How can I easily remove all comments and annotations (added with Foxit Reader) from all the PDFs in a folder?
7 Answers
I just came across this problem, and none of the answers given here worked for me. What did work was the rewritepdf tool from the Ubuntu package libcam-pdf-perl:
rewritepdf -C in.pdf out.pdf
Wrapping this into a little scripting to remove annotations from all pdf files in a directory is now easy:
for i in *.pdf; do rewritepdf -C '$i' '$i'.new; done
As usual, you can install libcam-pdf-perl via the Software Center or using sudo apt install libcam-pdf-perl
- 219
Haven't tested it a great deal, but the following seems to work. It deletes all annotations, except internal document links (which none of the answers here seem to do). This script depends on the pdfrw python library.
#!/usr/bin/python
import sys, pdfrw
try:
in_path = sys.argv[1]
out = sys.argv[2]
except:
print("Usage:\tannotclean IN.pdf OUT.pdf")
exit(0)
reader = pdfrw.PdfReader(in_path)
for p in reader.pages:
if p.Annots:
# See PDF reference, Sec. 12.5.6 for all annotation types
p.Annots = [a for a in p.Annots if a.Subtype == "/Link"]

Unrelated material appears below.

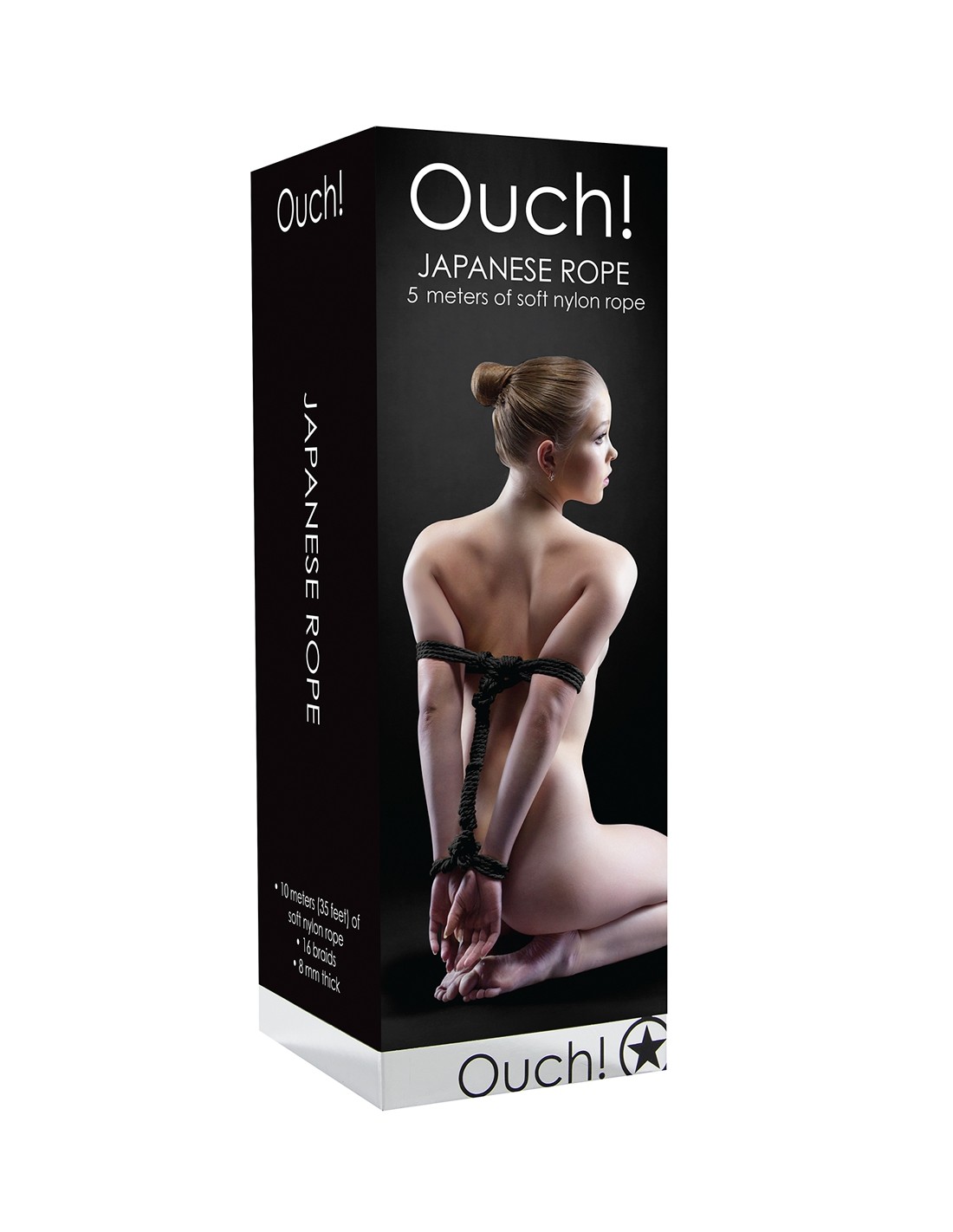 Pour les amateurs de bondage japonais, la marque Ouch! propose cette solide corde noire "Japanese Rope", d'une longueur de 5 mètres, spéciale Shibari et jeux de bondage.

pdfrw.PdfWriter(out, trailer=reader).write()
Usage:
- Save as a script somewhere (I assume in your
PATH), e.g./usr/local/bin/annotclean. annotclean in.pdf cleaned.pdf- (optional) batch processing:
# fish shell syntax
for p in **pdf # pdfs from current directory and subdirectories
annotclean $p $p.new
mv $p.new $p # overwrite the old
end
- 175
Providing you're on a Unix system:
cd <directory containing PDFs>
find . -type f -name '*.pdf' -exec perl -pi -e 's:/Annots \[[^]]+\]::g' {} +
This is a hack that removes all /Annots commands from the PDF (the commands that draws the annotations). It leaves the annotation objects there (you can open the PDF with a text editor and search for them), they're just not drawn.
- 151
A fast (in-memory) way is to use pdftk and sed as in the following shell pipeline:
pdftk in.pdf output - uncompress |\
sed '/^\/Annots/d' |\
pdftk - output out.pdf compress
- 188
I think you can do that most easily by "refrying" the PDF. Refrying means: first convert the file to PostScript, then convert the PostScript back to PDF. Usually refrying is frowned upon, because usually you loose quality and some content. In your case you want to loose the content. The re-frying can be done with Ghostscript (and the helper batch files shipping with it -- download the gs900w32.exe if you are on Windows), so here you go, with 2 easy commands:
pdf2ps.bat input.pdf output.ps
ps2pdf.bat output.ps input_refried.pdf
- 13,079
OK, you said you'd also consider a commercial solution....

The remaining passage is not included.